At the heart of this collaboration is the integration of the digital twin generator developed by Unlearn into ALS studies and tests. The digital twin is not a robot or a 3D body reproduction, but a set of data designed to reflect the characteristics of each human organism as accurately as possible. Trained on more than 13,000 clinical records from numerous databases, this artificial intelligence model enables the rigorous simulation of disease progression in each patient, while assessing the complex interactions between initial health status, biomarkers and therapeutic responses. The contribution of Unlearn's technology to ALS testing is twofold: on the one hand, it enhances the statistical power of trials by generating virtual control groups, thus reducing the need for volunteers, which amounts to at least 3,000 people for the latest phase of clinical testing. Secondly, it refines protocol design decisions - inclusion criteria, study duration - with a degree of precision unheard of in the industry.

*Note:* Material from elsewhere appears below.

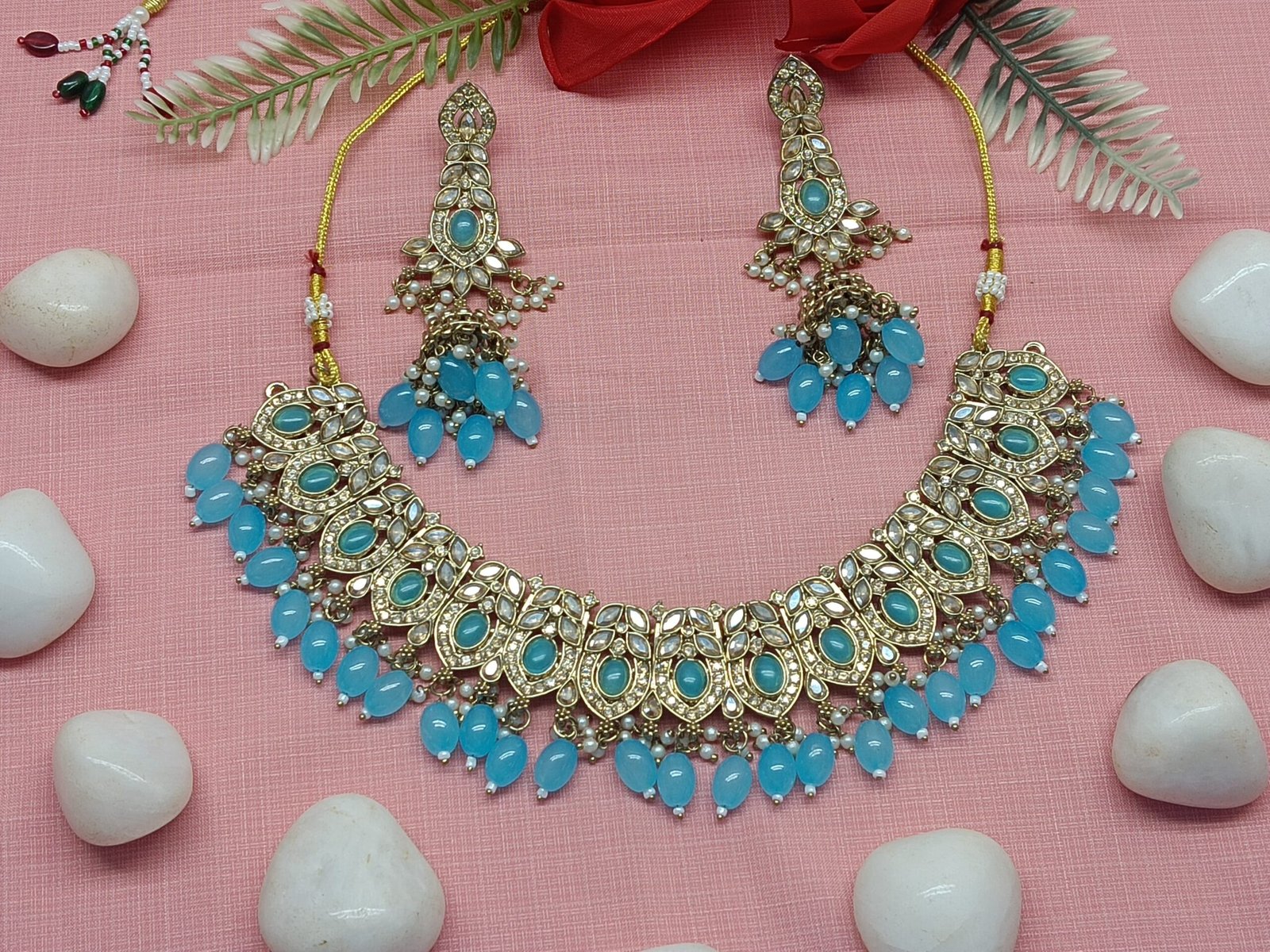 Blue Beaded Necklace and Earring Set for Women with Gold-Tone Detailing | Elegant, Adjustable Jewelry for Weddings, Parties, Gifting & Everyday Glamour

"Collaborating with Unlearn to exploit their vast, rich and rigorously structured database [...] will enable us to consider smarter protocols and make informed and confident decisions in preparing for the first stage of testing. Ultimately, these analyses could enable us to advance more rapidly in the development of new therapeutic treatments for people with ALS" confided Dr. Eric Green, co-founder and CEO of Trace Neuroscience.
This partnership is a further demonstration of the relevance of digital twins in the healthcare sector, where AI is playing an increasingly important role. Founded in 2017 and valued at $265M, Unlearn is taking advantage of this collaboration to highlight the robustness of its platform and accelerate its deployment in new therapeutic areas, beyond ALS(Parkinson's, Alzheimer's, ...). By combining predictive AI with high-quality biomedical data, Unlearn is redefining the way innovative therapies can be tested and validated.